И тогда внезапно – каким-то не своим голосом – я произнесла:
– Но и вас тогда скоро в журнале не будет!
Димон, которому я единственный раз в жизни, именно в тот вечер, дала пощечину, потом говорил, что дух моей бабушки его приятелю отплатил: того уволили через месяц, он потерял престижное и неплохо оплачиваемое место под солнцем, остался без работы и вынужден был стать поденщиком. Но я, прочитав в десятый или двадцатый раз письмо деда Арсения, подумала: не сама ли родовая сила вступилась за меня?
– Ты не боишься своего Димона? – как-то спросила Юлька, снова обвитая сигаретным дымом, как прозрачными змеями. – Ведь, я уверена, он жаждет твоей смерти, чтобы жениться на другой какой-нибудь юной телке, раз с Люськой не вышло…
– Порядочная девушка оказалась, – усмехнулась я.
– Или решила, что у твоего Димона мало денег, чтобы купить ее, такую красавицу!
– Не боюсь, – с опозданием ответила я на ее предыдущий вопрос. – Точнее, уже не боюсь. Знаешь, я начала чувствовать что-то такое, как объяснить, ну точно на мне панцирь непробиваемый, непроницаемый, от которого все зло, направленное на меня, отскакивает и рикошетом возвращается к тому, кто мне зла пожелал.
– Значит, твой Димон скоро помрет!
– Я этого не хочу. У меня ни разу, в самые тяжелые моменты наших с ним конфликтов, таких мыслей не было. Пусть живет и процветает, я жду, что он все равно вот-вот кого-нибудь подцепит и подаст на развод сам… Хотя мне без него будет скучно: он как человек-театр.
– Только пьесы становятся все более зловещими! Твой Димон тебе готовит подлость, вот увидишь! Еще когда я узнала, что он скрывает от своей первой жены и старшей дочери, что у него есть семья, про него мне стало все ясно. Он нормальный среднестатистический гад. Уж прости.
– Димон совершает подлые поступки, всегда имея для них благовидное объяснение. То он спасал приятеля от его «чувства собственности» (так он в очерке своем написал) – и потому пытался прихватить у него часть бизнеса, правда, ему это не удалось, то не дает мне кредит на открытие персональной выставки, чтобы у меня «не развилось тщеславие»…

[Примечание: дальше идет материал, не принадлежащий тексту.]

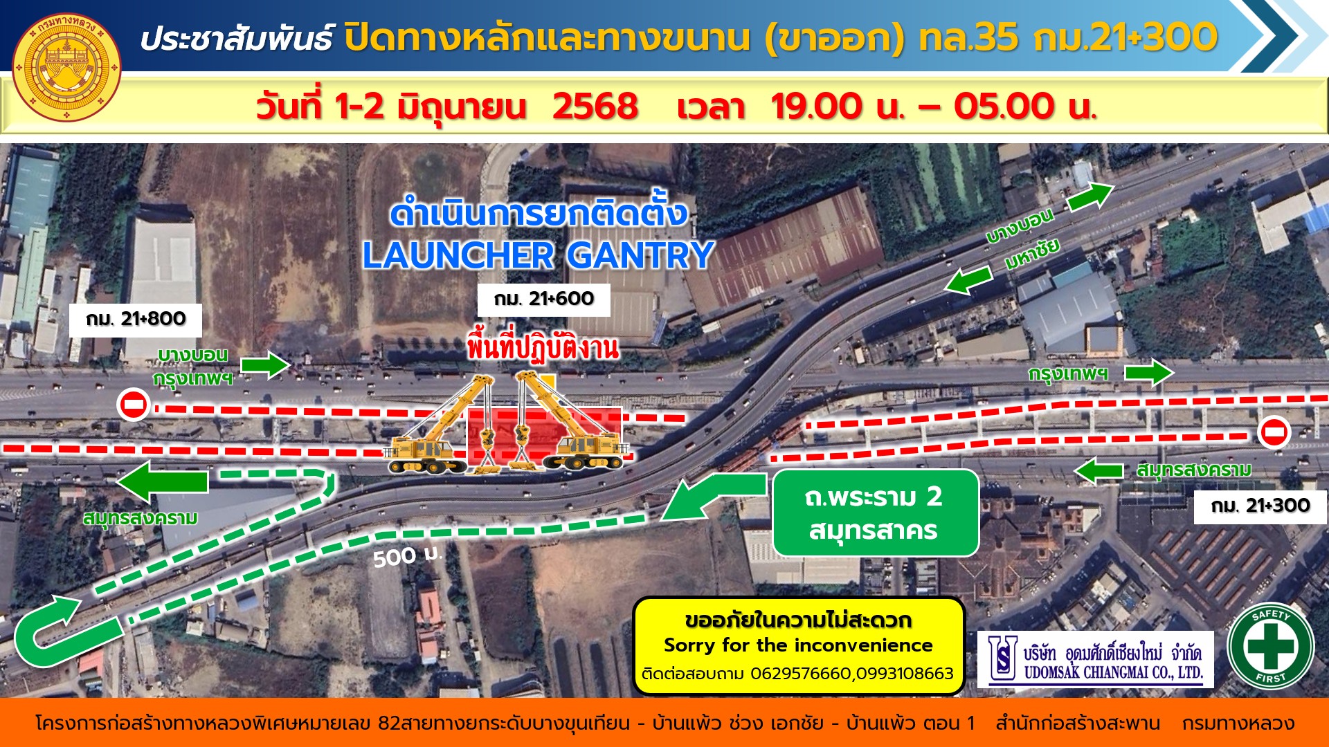โครงการก่อสร้างทางยกระดับบางขุนเทียน-บ้านแพ้ว ช่วงเอกชัย-บ้านแพ้ว ตอน 1 แจ้งปิดการจราจรชั่วคราวเพื่อยกติดตั้ง Launcher Gantry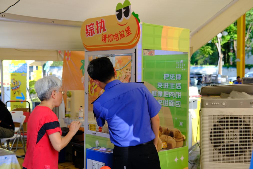 作為城市潮流地標,集盒廣場在青年群體中樹立了獨特的“潮工作、玩生活”品牌形象。因此,屬地東勝中隊在開展普法宣傳過程中,兼顧街區(qū)運營主體與商戶核心訴求、青年群眾體驗需求與價值認同,積極借助集盒廣場舉辦寧波咖啡生活周、漢堡節(jié)、暑期夜市等大規(guī)模集市期間的青年群體集聚效應(yīng),深挖街區(qū)文化地標與潮流IP潛力,在果殼箱、綠化帶、共享單車停放點等顯著位置上設(shè)置綜合執(zhí)法Q版形象普法牌,以“一句話”形式生動傳遞法律知識、引導(dǎo)文明行為。同時,創(chuàng)新推出“綜執(zhí)請你吃漢堡”等主題攤位,精心設(shè)計“知識問答+潮玩互動+獎品兌換”的普法鏈條,參與者通過挑戰(zhàn)法律知識問答,贏取娃娃機游戲幣來抓取捆綁著漢堡兌換券的幸運玩偶,再在漢堡節(jié)上進行任意兌換。這種將嚴肅法律條文轉(zhuǎn)化為趣味挑戰(zhàn)的“游戲化”普法模式,顛覆了傳統(tǒng)的單向宣傳方式,通過互動性與獲得感的雙重驅(qū)動,讓法律知識在歡聲笑語中沁入人心。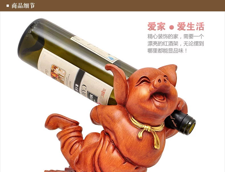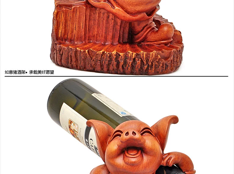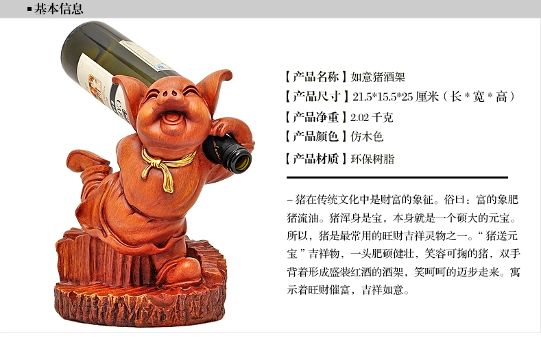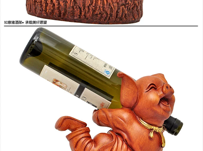 DO 如意豬紅酒酒架時尚創意葡萄酒紅酒架樹脂擺件擺設裝飾品工藝禮品 造型可愛 紅酒酒架首選 送禮自用兩相宜
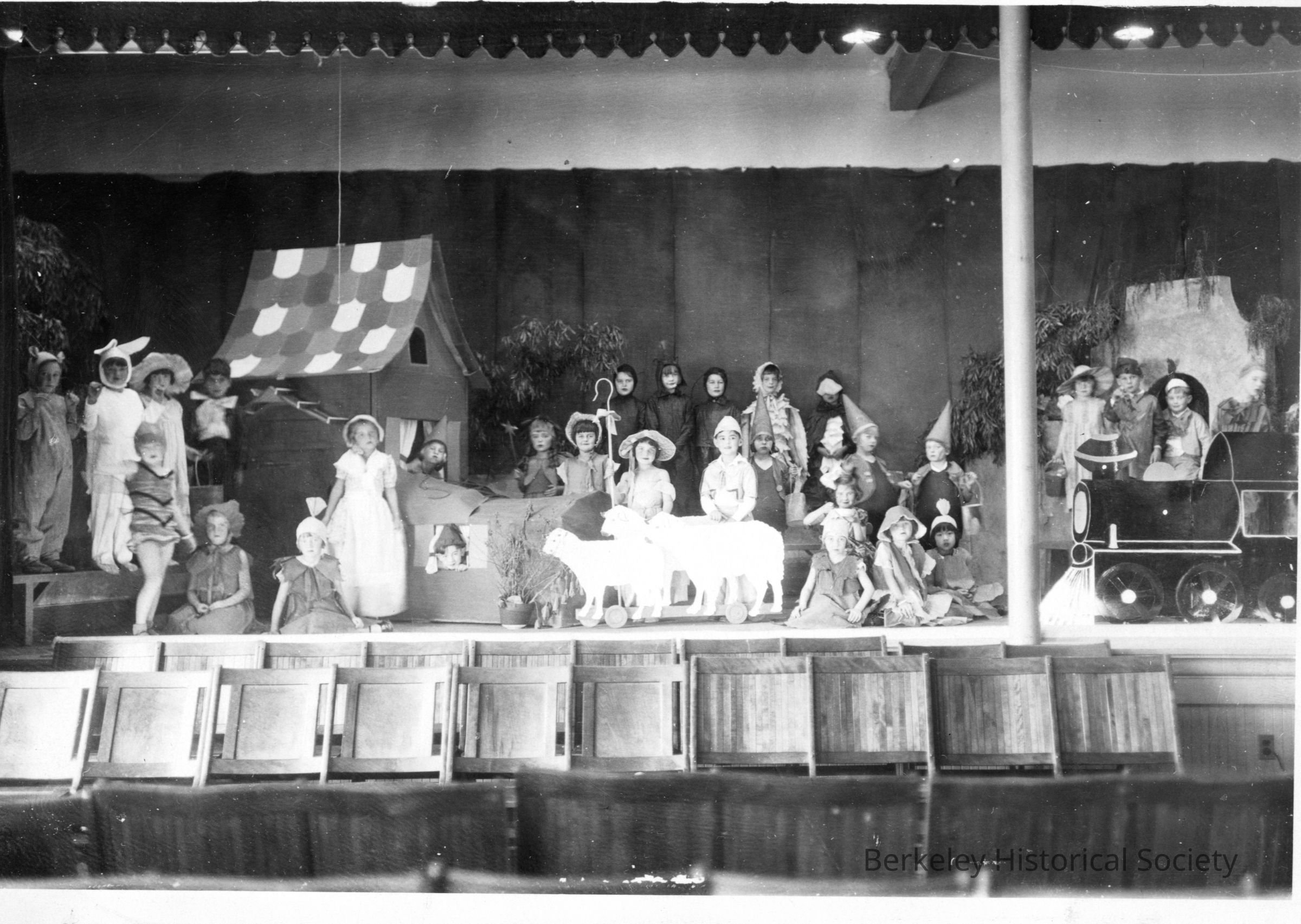 Students on play on stage; some Mother Goose themes, train at right, two students in dunce caps, and more.Other Names and Numbers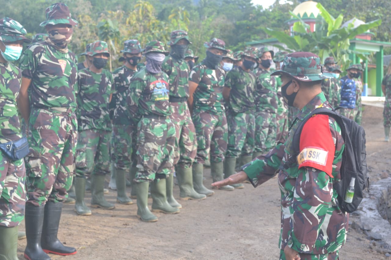 Dalam apel pagi ini, setelah dilaksanakan pengecekan jumlah personil, Kapten Marinir Tejo Nugroho menyampaikan beberapa penekanan tentang kegiatan minggu awal pengerjaan sasaran fisik TMMD di Desa Gonggang.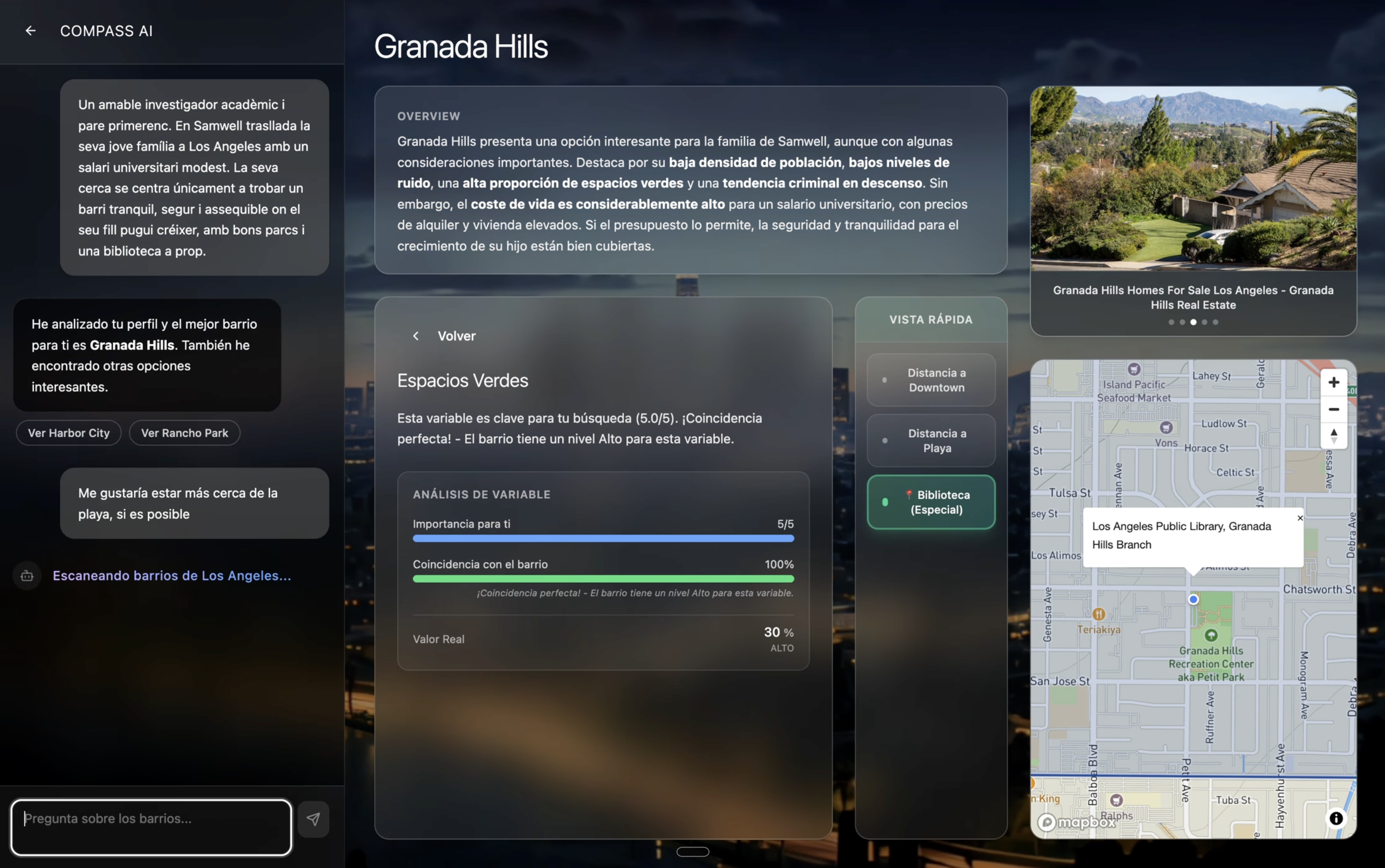 Sistema que encuentra tu ubicación ideal en Los Ángeles mediante una conversación natural. Analiza en tiempo real factores críticos como seguridad, demografía y servicios cercanos para ofrecerte recomendaciones personalizadas, actuando como un consultor inmobiliario experto disponible 24/7.

– Завидует он всем и тебе, вот и все. Всю вашу совместную жизнь. А ты просто непробивная, у тебя нет коммерческой жилки. Какая может быть коммерческая жилка у летающей улитки? И, между прочим, почему ты сама не можешь вынуть деньги из оборота предприятия? Это же ваш семейный бизнес? Почему он должен тебе давать, благодетель нашелся!
– Юля, – сказала я грустно, – если бы я требовала у него больше денег, чем прожиточный минимум, на который живу с Аришкой и который он отстегивает от общего бюджета, ездила бы за рубеж, устраивала себе выставки, я бы уже умерла! А теперь прикинь, были ли у меня деньги на меня, Аришку ведь нужно было обувать, одевать, ведь она бурно росла и сейчас еще растет, и вкусы ее меняются, а кроме того, необходимо покупать ей электронику, книги, оплачивать дополнительный английский, бассейн, художественную школу и так далее. Попроси я давать мне из общего бюджета больше, его бы жадность просто убила меня, выстрелив без промаха – лучше иного киллера. Как его жадность убила мужа его первой любви – Галки. Ведь, надо отдать должное прагматичному и одновременно странному, как может показаться, уму самого Димона, он все о себе знает сам. Я раньше считала, что его мистические объяснения – невроз, а после поняла: под его мистикой – правда. Правда его собственного подсознания. И сила его жадности именно такова! И она вступает в противоречие с его совестью.
– У него есть совесть?!
– Есть. И есть тот допустимый предел отступления от правды, который для Димона, как он считает, не опасен. Просто он очень лжив – и скрывает свои настоящие мотивы в первую очередь от самого себя.
– С хорошим, однако, мэном ты связала свою судьбу, дорогая подруга!
– Он не худший. Сейчас почти все бизнесмены, взращенные при социализме, таковы: двойная мораль у них в крови. А Димон все-таки одаренный человек…
* * *
21.08
Жара. Правда, жару я переношу легко. Да, впрочем, и холод тоже.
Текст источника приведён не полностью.